Materials provided:
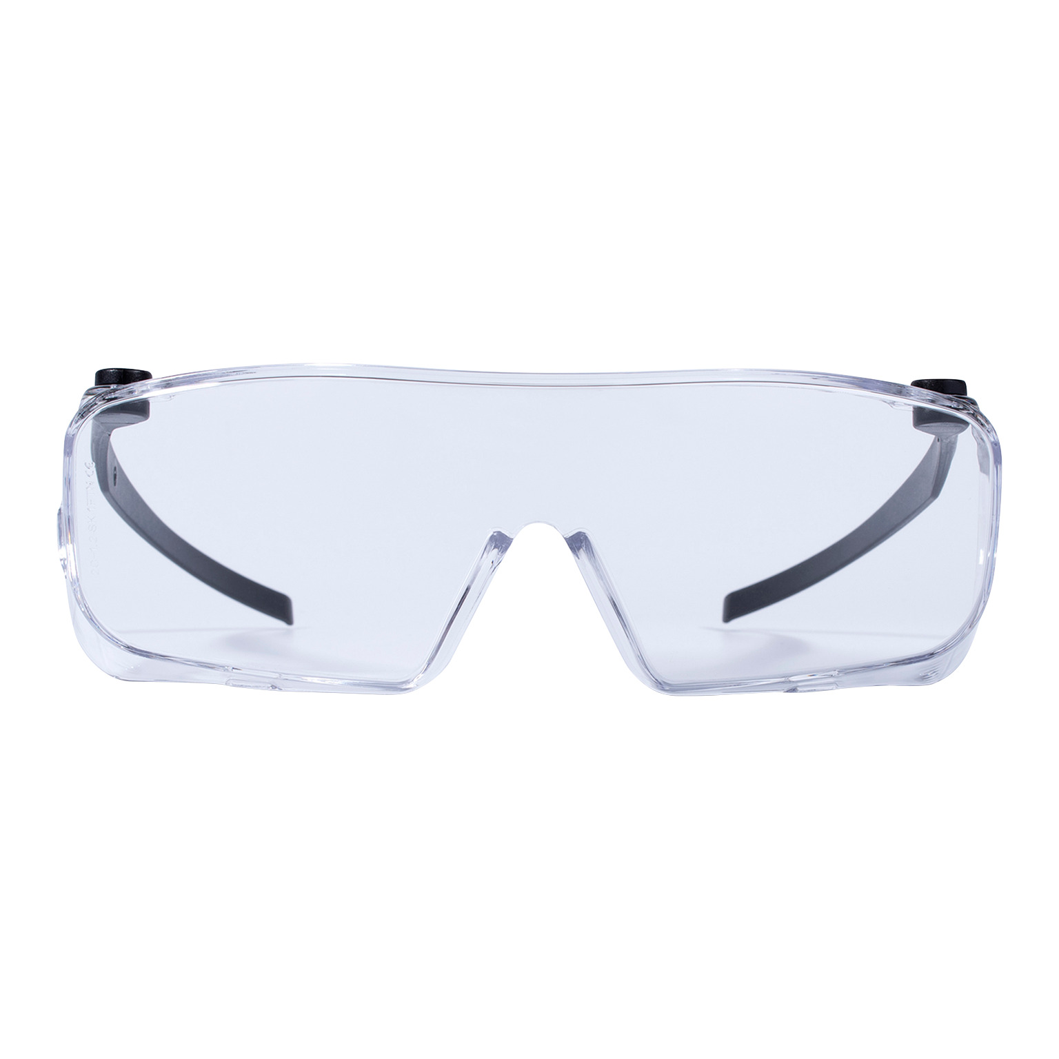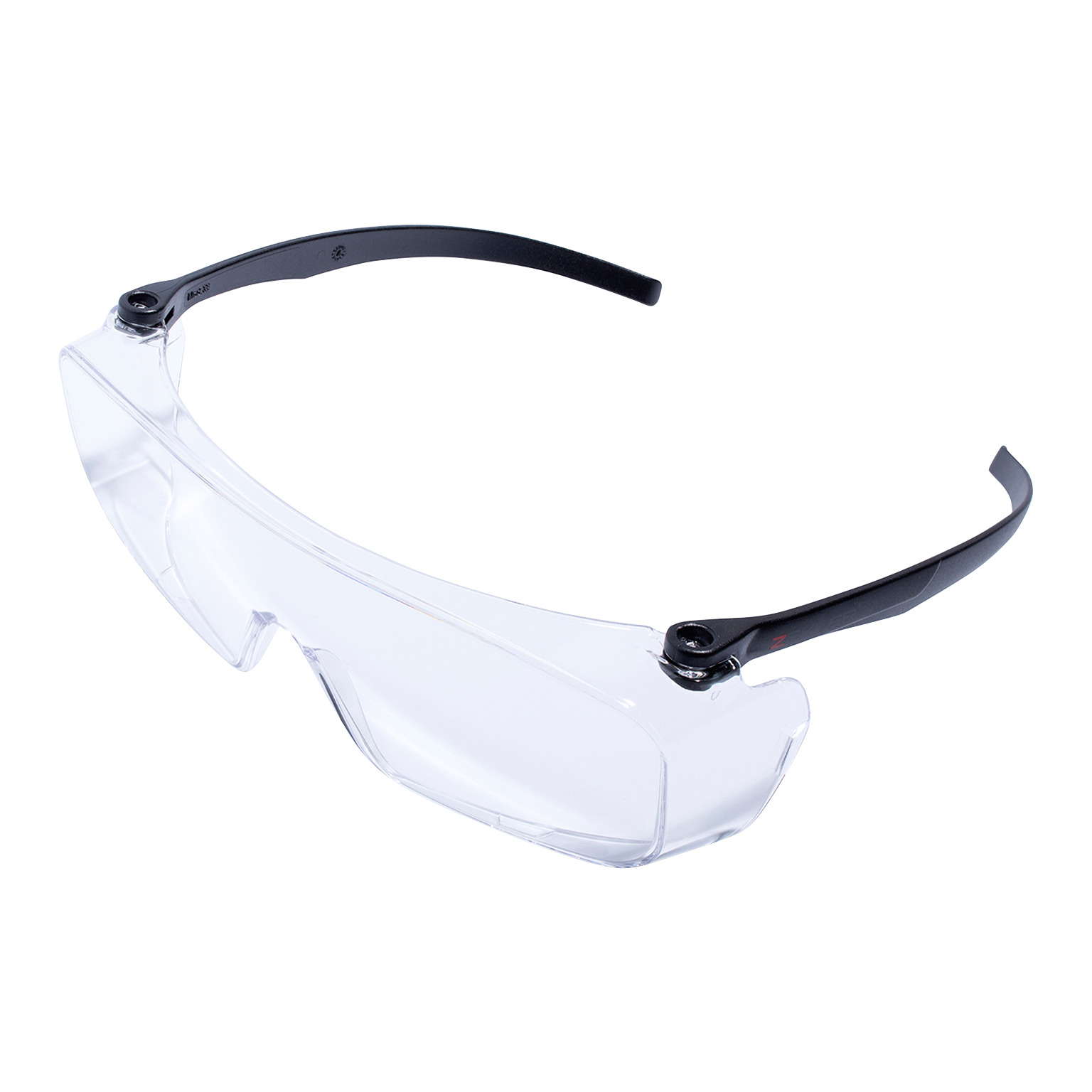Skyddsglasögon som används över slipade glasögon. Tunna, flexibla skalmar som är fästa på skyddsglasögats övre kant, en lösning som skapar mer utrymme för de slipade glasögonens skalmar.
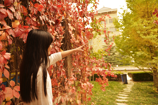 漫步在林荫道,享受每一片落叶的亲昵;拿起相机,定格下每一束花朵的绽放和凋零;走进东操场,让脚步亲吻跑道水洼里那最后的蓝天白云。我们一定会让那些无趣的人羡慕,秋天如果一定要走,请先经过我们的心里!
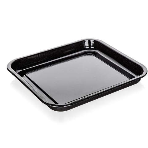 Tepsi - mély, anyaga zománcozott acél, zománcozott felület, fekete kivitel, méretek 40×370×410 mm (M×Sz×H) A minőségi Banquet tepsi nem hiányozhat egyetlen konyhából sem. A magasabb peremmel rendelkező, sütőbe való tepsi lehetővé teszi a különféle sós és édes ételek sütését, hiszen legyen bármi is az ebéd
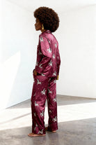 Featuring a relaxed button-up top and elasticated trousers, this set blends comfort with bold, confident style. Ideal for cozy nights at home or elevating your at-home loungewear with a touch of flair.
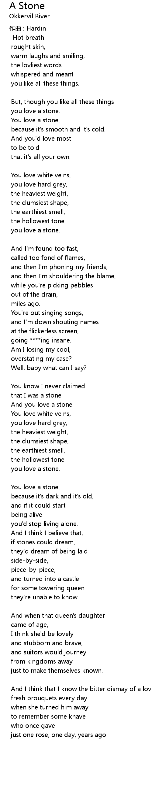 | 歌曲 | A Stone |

Your task:
Omit the images; transcribe the listing verbatim.

Output:
Skyddsglasögon som används över slipade glasögon. Tunna, flexibla skalmar som är fästa på skyddsglasögats övre kant, en lösning som skapar mer utrymme för de slipade glasögonens skalmar.
 漫步在林荫道,享受每一片落叶的亲昵;拿起相机,定格下每一束花朵的绽放和凋零;走进东操场,让脚步亲吻跑道水洼里那最后的蓝天白云。我们一定会让那些无趣的人羡慕,秋天如果一定要走,请先经过我们的心里!
 Tepsi - mély, anyaga zománcozott acél, zománcozott felület, fekete kivitel, méretek 40×370×410 mm (M×Sz×H) A minőségi Banquet tepsi nem hiányozhat egyetlen konyhából sem. A magasabb peremmel rendelkező, sütőbe való tepsi lehetővé teszi a különféle sós és édes ételek sütését, hiszen legyen bármi is az ebéd
 Featuring a relaxed button-up top and elasticated trousers, this set blends comfort with bold, confident style. Ideal for cozy nights at home or elevating your at-home loungewear with a touch of flair.
 | 歌曲 | A Stone |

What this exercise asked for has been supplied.